Personality prompts can pretend things that are not true. Our first Opus personality file referenced two pipeline stations that did not actually exist, and a "recall strategy" hook that was never wired up. The agent dutifully described its workflow using those phantom stations in the reasoning trace. The lesson is that you must keep personality documents in sync with the actual pipeline, or the agent will hallucinate its own behavior in its reasoning narration without losing strength. This is the same drift problem you see in production docs, just faster because the agent runs every hour.

Web search needs an opt-in flag in headless mode. The Claude CLI in -p print mode defaults to deny-all on tools. We discovered this when our web-search agent was silently producing plausible but unsourced "research" output without ever hitting the web. Fixing it required passing --allowedTools WebSearch and --permission-mode bypassPermissions explicitly. The lesson, again, is that ablation studies are only valid if you verify each lever actually moves what you think it moves.

What You Can Take From This

If you are building an AI system that you expect to be used over time, build it so the differences between configurations are observable from the outside. Our chess lab is not a chess project. It is a way to make the invisible differences between AI configurations visible to anyone with a browser. That is a useful pattern for any team that needs to defend a config choice ("we use memory because here are 200 games where it helps") instead of arguing about it ("intuitively, memory should help").

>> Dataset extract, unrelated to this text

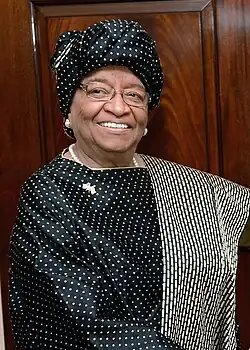 Ellen Johnson-Sirleaf (Monróvia, 29 de outubro de 1938) é uma política liberiana, foi presidente da Libéria de 2006 até 2018. Foi a vencedora das eleições presidenciais de 8 de novembro de 2005, em que derrotou o ex-futebolista George Weah. Foi reeleita em 2011 para um novo mandato, tendo recebido o Prêmio Nobel da paz de 2011, juntamente com a compatriota Leymah Gbowee e a iemenita Tawakel Karman.[1]
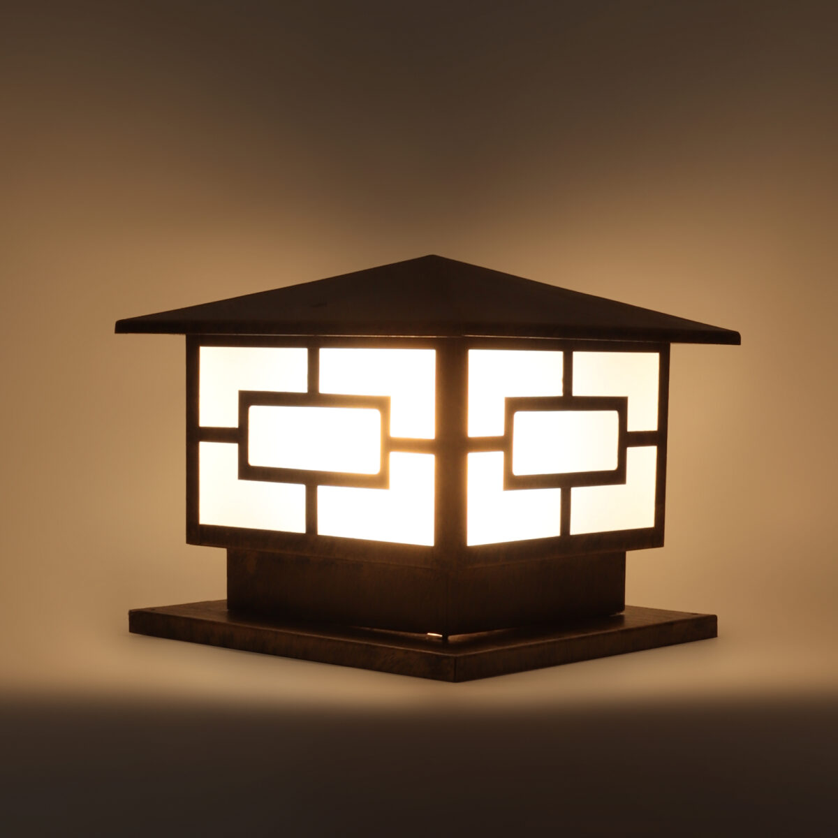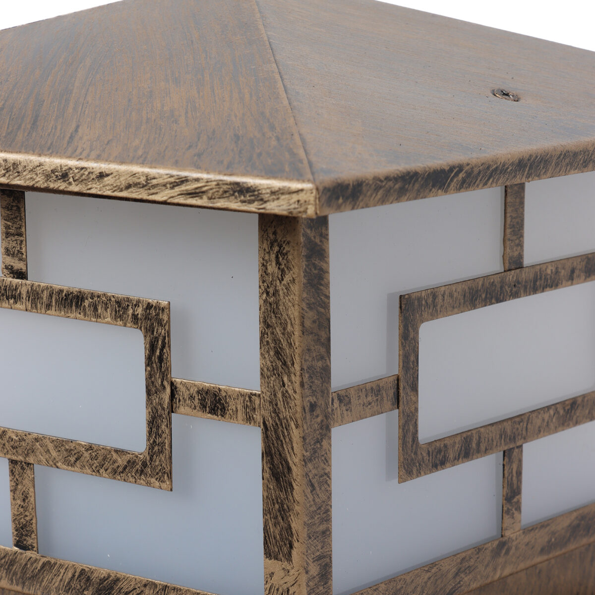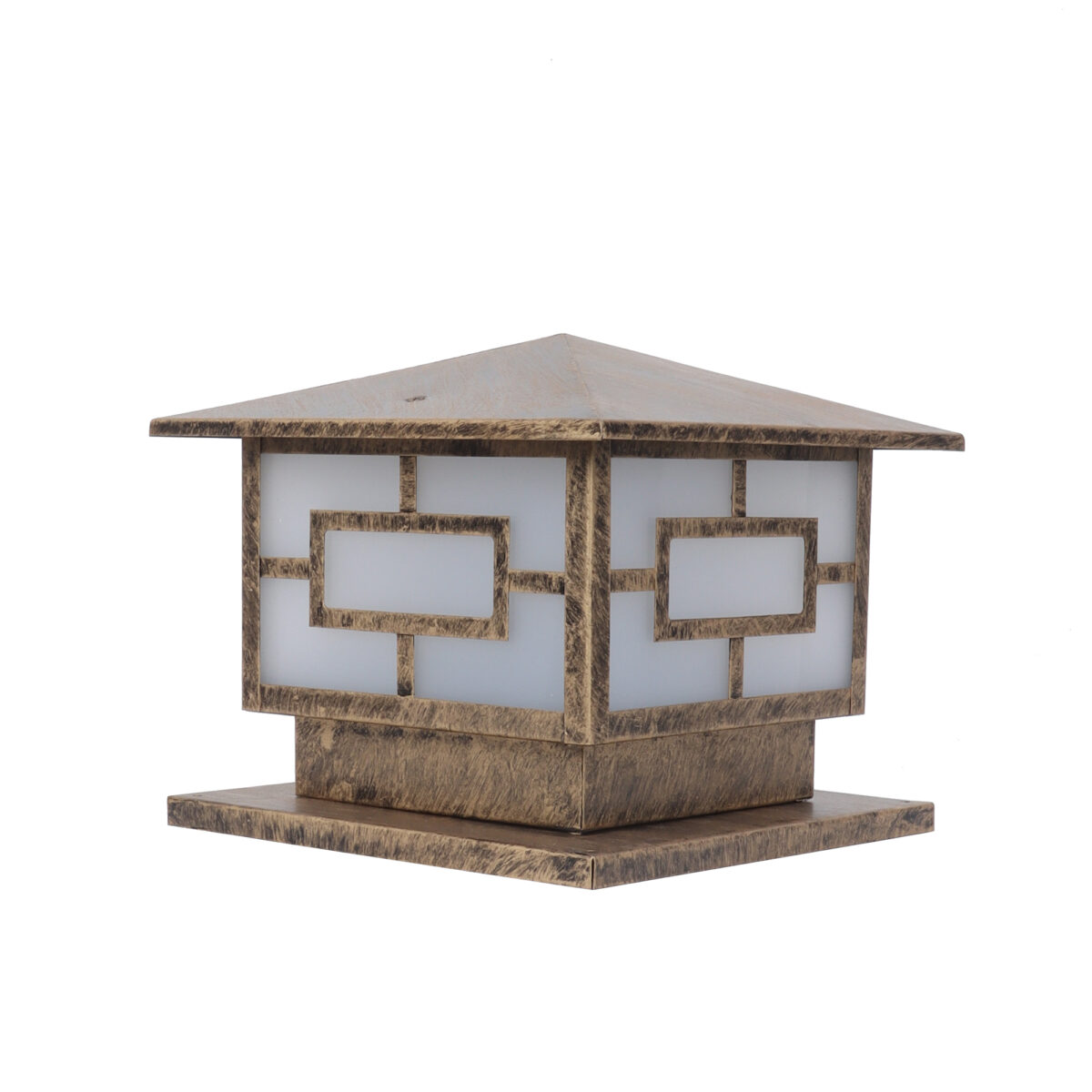 Modern mild steel, gate pillar post light in antique gold finish. It is maintenance free, comes with an B22 holder, only the change of lamp is required, which is available locally everywhere You can of course swap out the bulb for one that is dimmable, has a higher light output or a different color temperature. High quality acrylic is used to withstand tough weather conditions. IP54 rated, providing protection from sprayed water in any direction and making this light perfect for use outdoors. Application areas include building entrance, on top of terrace walls, terrace gardens, boundary walls, open parking, stilt parking. LAMP NOT INCLUDED.

If you are doing serious AI evaluations, run them continuously, not in batches. A one-off benchmark gives you one data point and freezes your understanding at that moment. A continuous loop catches drift, catches model updates (we just switched to Opus 4.8 mid-experiment), and gives you the kind of statistical confidence that a single run cannot. The maxim-saplin LLM Chess leaderboard on GitHub shows this well. They keep extending it as new models arrive.

If you are curious about chess specifically, the LLM Chess paper from December 2025 (arxiv 2512.01992) is the cleanest summary of the field right now. The EPAM 2026 piece on choosing AI models is the easier read. The dynomight blog from late 2024 is the most fun, because it tries to explain the strange anomaly that gpt-3.5-turbo-instruct, an older non-reasoning model, played chess at roughly 1750 Elo while many newer chat-tuned models cannot break 1300. The answer turns out to be something close to "regurgitation of training data plus a few-shot prompt did most of the work", which is exactly the kind of effect a careful ablation study should detect and isolate.

The next time you hear someone claim that memory, or long prompts, or higher effort settings, make AI agents reliably better at something, ask them to show their work in a setting where you can watch. We made chess that setting. There are probably better ones. Pick yours and run it for a few months.